Scenario 2: Out of Memory
Setup
Deploy the file app-oom.json
:
$ dcos marathon app add https://raw.githubusercontent.com/dcos-labs/dcos-deb
Once deployed, when we take a look at the DC/OS web interface, we see some strange results under CPU Allocation:
Figure 1. CPU allocation display
How is it that CPU Allocation is continually oscillating between 0 and 8 percent? Let’s take a look at the application details in the web interface:
Figure 2. Application details
Based on this, the application runs for a few seconds and then fails.
Resolution
To get a better handle on understanding this unexpected behavior, let us start by looking at the application logs — either in the web interface or via the CLI. You can find the application logs in the web interface by looking under ‘Output’ in the ‘Logs’ tab of the application:
Figure 3. Application log displa y
The log output “Eating Memory” is a pretty generous hint that the issue might be related to memory. Despite this, there is no direct failure message regarding memory allocation(keep in mind that most apps are not so friendly as to log that they are eating up memory).
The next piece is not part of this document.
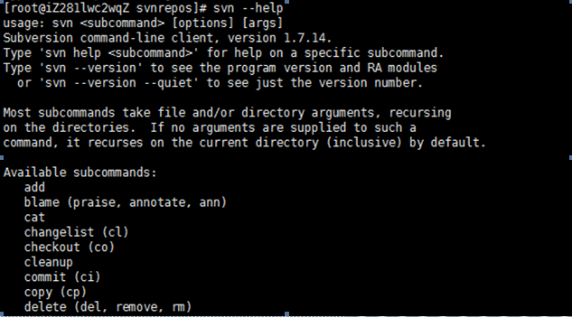 svn --help , 看到下图表示成功。

As suspected, this might be an application-related issue, and this application is scheduled via Marathon. So let’s check the Marathon logs using the CLI:
$ dcos service log marathon
We see a log entry similar to:
Mar 27 00:46:37 ip-10-0-6-109.us-west-2.compute.internal marathon.sh[5866]: [2018-03-27 00:46:36,960] INFO Acknowledge status update for task app-oom.4af344fa-3158-11e8-b60b-a2f459e14528: TASK_FAILED (Memory limit exceeded: Requested: 64MB Maximum Used: 64MB
Now we have confirmed that we exceeded the previously set container memory limit in app-oom.json
If you’ve been paying close attention you might shout now “wait a sec” because you noticed that the memory limit we set in the app definition is 32 MB, but the error message mentions 64MB. DC/OS automatically reserves some overhead memory for the executor which in this case is 32 MB.
Please note that OOM kill
is performed by the Linux kernel itself, hence we can also check the kernel logs directly:
dcos node ssh --master-proxy --mesos-id=$(dcos task app-oom --json | jq -r '.[] | .slave_id')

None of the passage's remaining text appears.